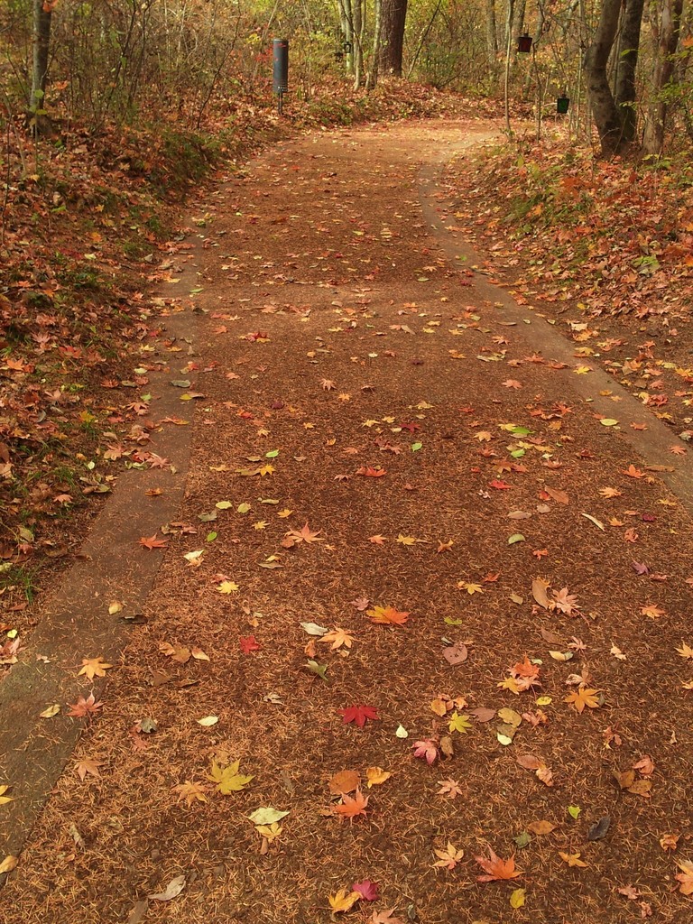 湯川沿いの遊歩道には、モミジの落ち葉が模様のように散らばっていました。
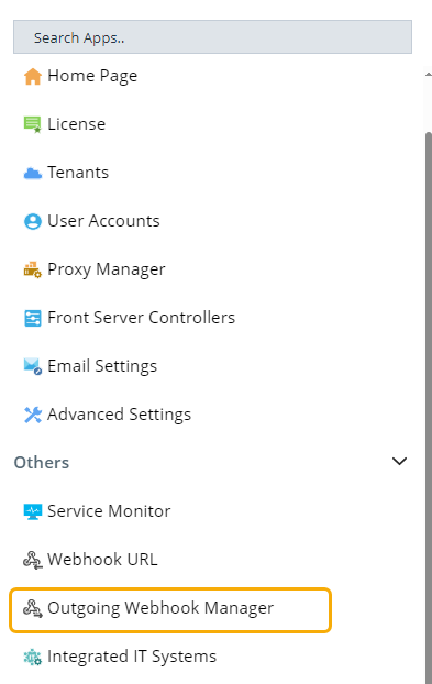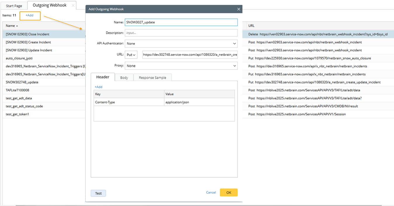 Outgoing webhook can be created and used in NI definition to push the data and execution results in NI to third-party application, connecting our system to third-party system. Outgoing Webhook Manager is central place for creating and managing outgoing webhooks in the domain. After outgoing webhook is defined, in NI execution, you can use Webhook Call to send alerts to external ticket system. For more information, see Call Webhook API.
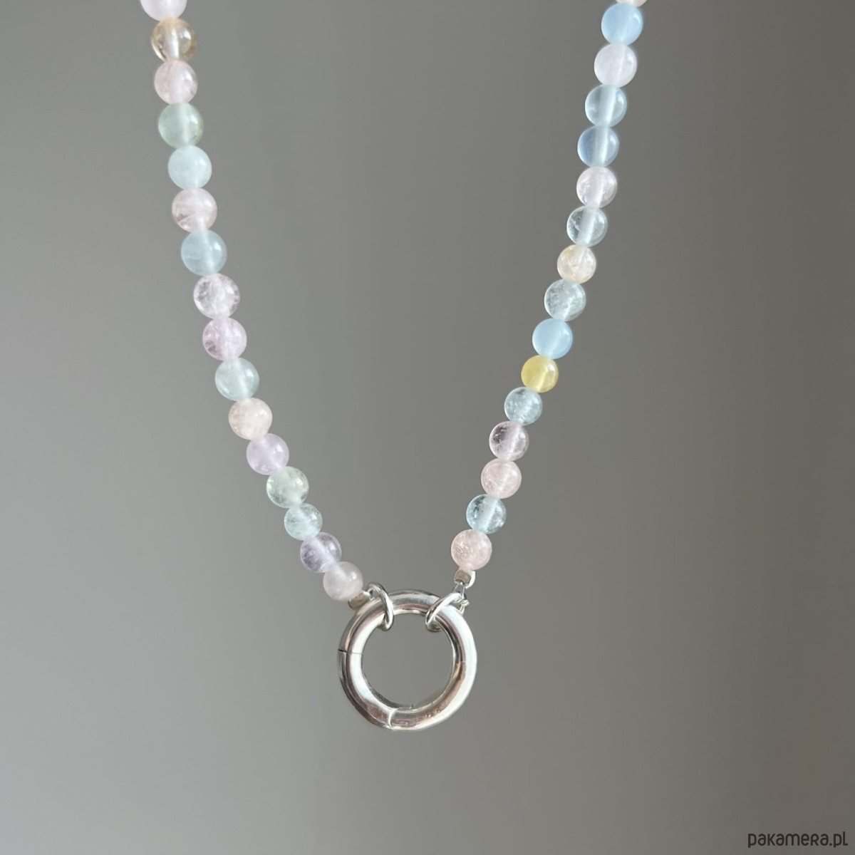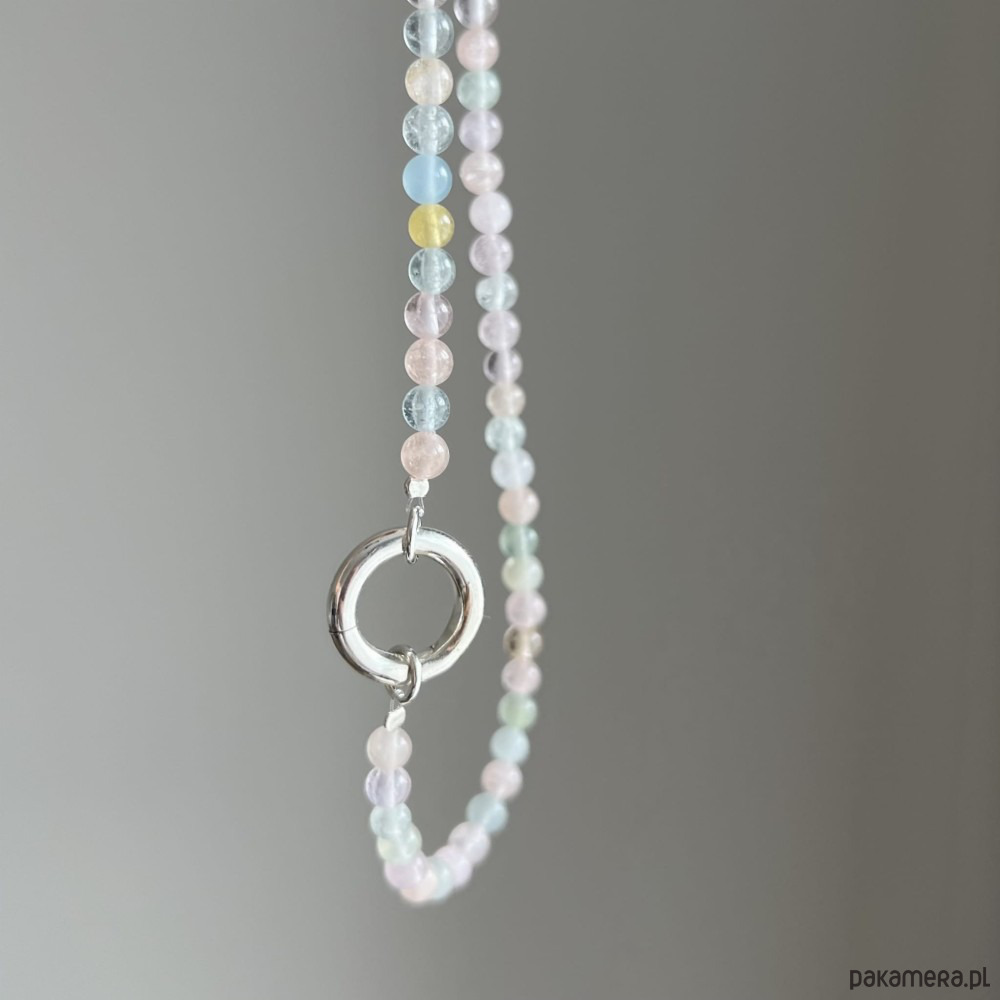 Ten wyjątkowy naszyjnik wykonany został z naturalnych kamieni morganitu o pastelowych odcieniach – delikatnego różu, subtelnego błękitu, brzoskwini, zieleni i bieli. To połączenie kolorów tworzy lekką, kobiecą kompozycję, która przyciąga wzrok i dodaje wdzięku każdej stylizacji.
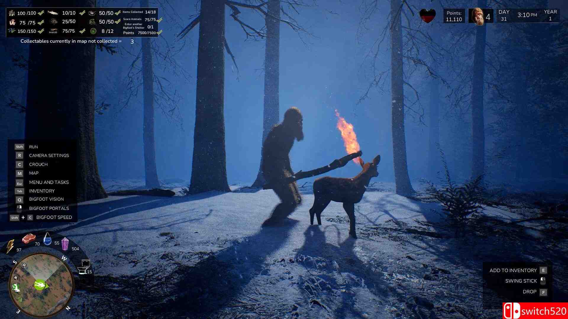 《大脚怪生活》是一款模拟经营类(SIM)游戏,这是一款模拟游戏,让你体验大脚怪的生活。捕鱼、采摘蘑菇和浆果、搭建庇护所等等。成为传奇,体验精彩的大脚怪生活switch520
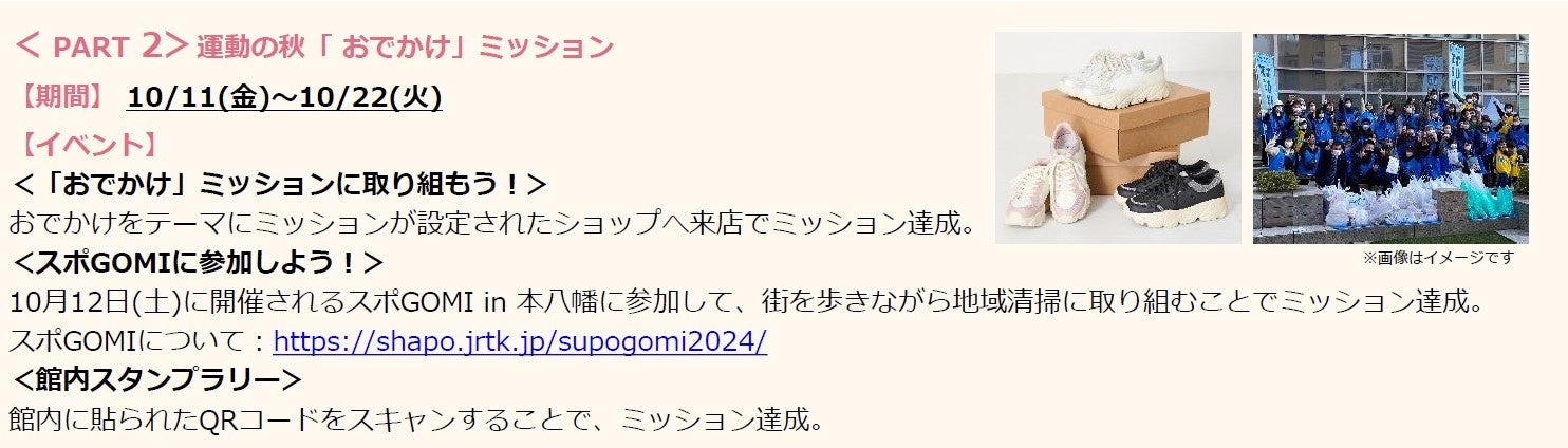 期間中、シャポー本八幡で実施するイベントやショップとコラボレーションした、特別ミッションを実施し、通常のクーポンに加えて、お買い物券がもらえるイベントを実施します。
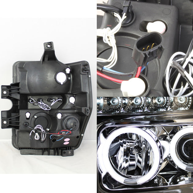 AKKON - For F-Series SuperDuty Pickup Truck Chrome Clear CCFL Halo Ring LED Projector Headlights Left + Right
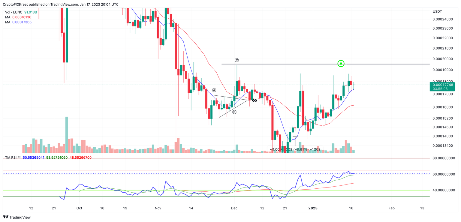 Terra's Luna Classic price confirms the bullish trade idea mentioned in the previous outlook. Traders should be wary of the profit-taking consolidation as a deeper pullback could occur. Terra's Luna Classic price broke up by 17% to the upside last week, tagging the liquidity above December's high at $0.00019437.
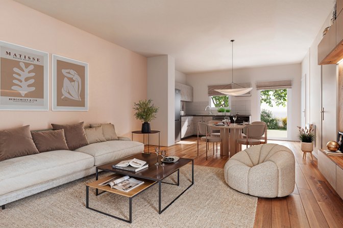 Ce projet est idéalement situé, 19 rue des Fougères, à proximité de tous commerces et services, derrière la maison de santé. Le programme est composé de 19 maisons neuves en duplex (10T3 et 9T4) avec une date de livraison prévue au 1er trimestre 2026. Les prix de vente sont très attractifs puisqu’ils démarrent à partir de 216 000 € pour un pavillon de type 3 de 76 m² SH pour une maison entièrement finie (cuisine équipée, placard équipé, terrasse, garage, clôtures…). Les familles bénéficient également de frais notariés réduits (entre 4200 € et 4750 € maximum). En tant que futur propriétaire, elles auront la possibilité de personnaliser leur logement selon leurs goûts concernant notamment le choix de la couleur de la cuisine équipée, du revêtement de sol et de la faïence de la salle de bain.
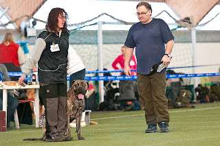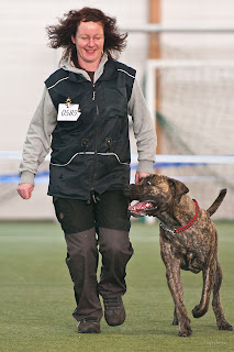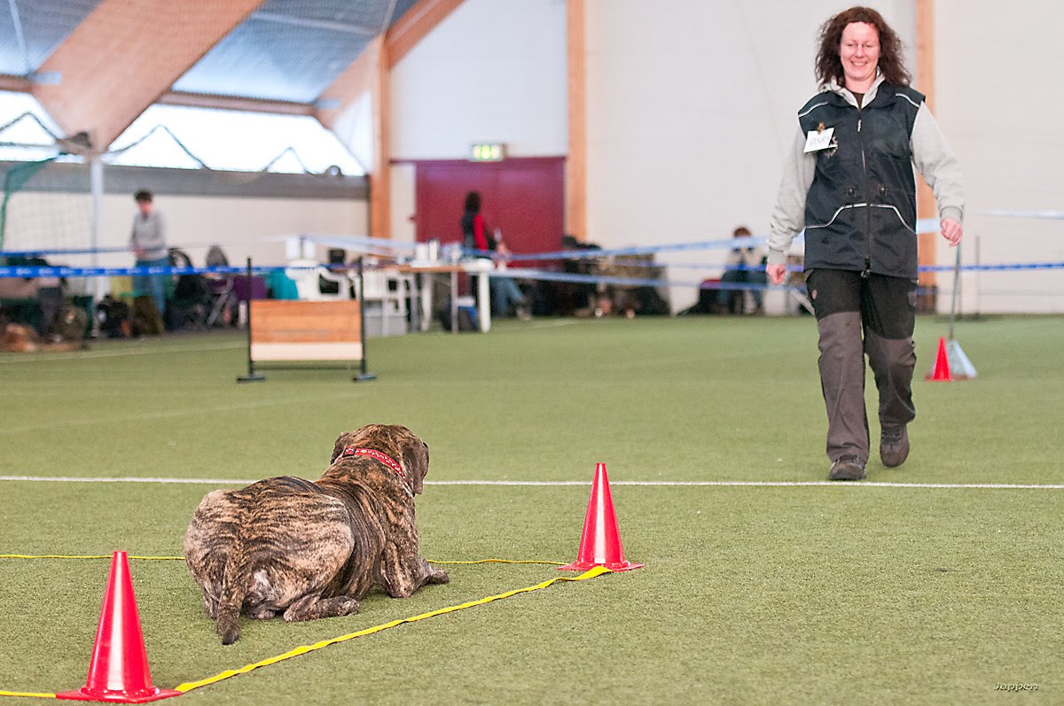 Etterhvert skulle man inn i ringen igjen da, og vi kastet oss over ringbåndet - jeg sier "Fot" til Nurk, og han er BORTE! Going totally autistisk mastiff! Dette stresser selvfølgelig meg noe så hemningsløst; dommeren sier "Ta det med ro nå...", siden han antageligvis ser hvor innmari gira jeg blir, og Nurk "går i seg selv" så til de grader. Vi trasket (jadda, sier og skriver) ut i fot - og det var forferdelig...er jo vant til at nurk gir meg energi og glede og "se så flinke vi er" følelse, dette var fullstendig dødt... grusomt. Men vi berget foten til en femmer, nulla på sitt under marsj - men da KREVDE jeg at han satt seg, pokker heller, snudde meg og sa sitt! og sitt! en gang til, for dette må han gjøre. Og da løsnet han jaggu, mer og mer etterhvert...!
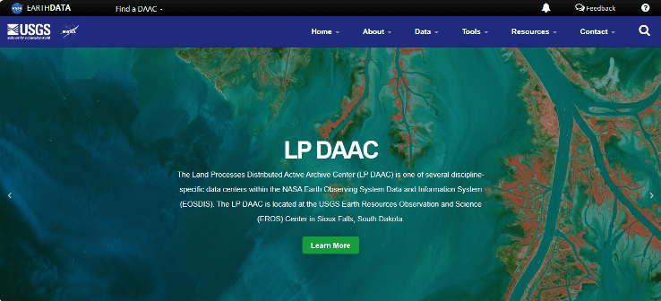 El Land Processes Distributed Active Archive Center, LP DAAC, es una asociación entre el USGS y el Earth Observing System Data and Information System (EOSDIS) de la NASA. El LP DAAC procesa, archiva y distribuye productos de datos terrestres obtenidos por ambas instituciones a partir de diferentes sensores remotos. Comprende datos de coberturas, índices de vegetación, reflectancia superficial, radiancia, temperatura y topografía.
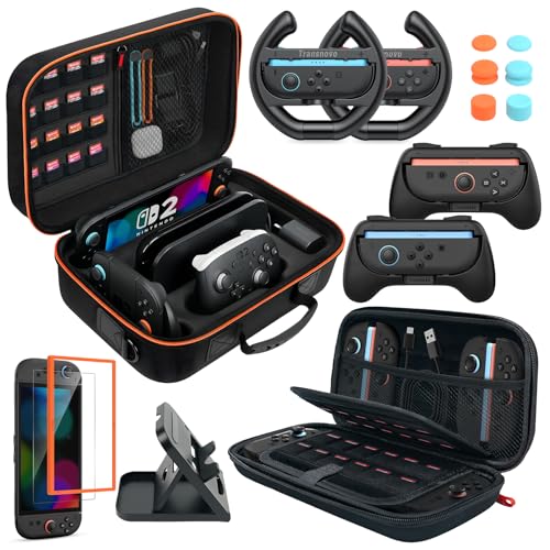 Kit d’accessoires 14-en-1 compatible avec Nintendo Switch 2 (2025), Grande Pochette Transport Switch 2 Rigide, Sacoche Switch 2 de Voyage, Verre Trempé, Grips pour Joycon, Volants & Accessoires Gaming

**YOUR GOAL**
Each entry is to be written out again word for word, and any pictures are to be omitted.

**TASK SOLUTION**
 湯川沿いの遊歩道には、モミジの落ち葉が模様のように散らばっていました。
 Outgoing webhook can be created and used in NI definition to push the data and execution results in NI to third-party application, connecting our system to third-party system. Outgoing Webhook Manager is central place for creating and managing outgoing webhooks in the domain. After outgoing webhook is defined, in NI execution, you can use Webhook Call to send alerts to external ticket system. For more information, see Call Webhook API.
 Ten wyjątkowy naszyjnik wykonany został z naturalnych kamieni morganitu o pastelowych odcieniach – delikatnego różu, subtelnego błękitu, brzoskwini, zieleni i bieli. To połączenie kolorów tworzy lekką, kobiecą kompozycję, która przyciąga wzrok i dodaje wdzięku każdej stylizacji.
 《大脚怪生活》是一款模拟经营类(SIM)游戏,这是一款模拟游戏,让你体验大脚怪的生活。捕鱼、采摘蘑菇和浆果、搭建庇护所等等。成为传奇,体验精彩的大脚怪生活switch520
 期間中、シャポー本八幡で実施するイベントやショップとコラボレーションした、特別ミッションを実施し、通常のクーポンに加えて、お買い物券がもらえるイベントを実施します。
 AKKON - For F-Series SuperDuty Pickup Truck Chrome Clear CCFL Halo Ring LED Projector Headlights Left + Right
 Terra's Luna Classic price confirms the bullish trade idea mentioned in the previous outlook. Traders should be wary of the profit-taking consolidation as a deeper pullback could occur. Terra's Luna Classic price broke up by 17% to the upside last week, tagging the liquidity above December's high at $0.00019437.
 Ce projet est idéalement situé, 19 rue des Fougères, à proximité de tous commerces et services, derrière la maison de santé. Le programme est composé de 19 maisons neuves en duplex (10T3 et 9T4) avec une date de livraison prévue au 1er trimestre 2026. Les prix de vente sont très attractifs puisqu’ils démarrent à partir de 216 000 € pour un pavillon de type 3 de 76 m² SH pour une maison entièrement finie (cuisine équipée, placard équipé, terrasse, garage, clôtures…). Les familles bénéficient également de frais notariés réduits (entre 4200 € et 4750 € maximum). En tant que futur propriétaire, elles auront la possibilité de personnaliser leur logement selon leurs goûts concernant notamment le choix de la couleur de la cuisine équipée, du revêtement de sol et de la faïence de la salle de bain.
 Etterhvert skulle man inn i ringen igjen da, og vi kastet oss over ringbåndet - jeg sier "Fot" til Nurk, og han er BORTE! Going totally autistisk mastiff! Dette stresser selvfølgelig meg noe så hemningsløst; dommeren sier "Ta det med ro nå...", siden han antageligvis ser hvor innmari gira jeg blir, og Nurk "går i seg selv" så til de grader. Vi trasket (jadda, sier og skriver) ut i fot - og det var forferdelig...er jo vant til at nurk gir meg energi og glede og "se så flinke vi er" følelse, dette var fullstendig dødt... grusomt. Men vi berget foten til en femmer, nulla på sitt under marsj - men da KREVDE jeg at han satt seg, pokker heller, snudde meg og sa sitt! og sitt! en gang til, for dette må han gjøre. Og da løsnet han jaggu, mer og mer etterhvert...!
 El Land Processes Distributed Active Archive Center, LP DAAC, es una asociación entre el USGS y el Earth Observing System Data and Information System (EOSDIS) de la NASA. El LP DAAC procesa, archiva y distribuye productos de datos terrestres obtenidos por ambas instituciones a partir de diferentes sensores remotos. Comprende datos de coberturas, índices de vegetación, reflectancia superficial, radiancia, temperatura y topografía.
 Kit d’accessoires 14-en-1 compatible avec Nintendo Switch 2 (2025), Grande Pochette Transport Switch 2 Rigide, Sacoche Switch 2 de Voyage, Verre Trempé, Grips pour Joycon, Volants & Accessoires Gaming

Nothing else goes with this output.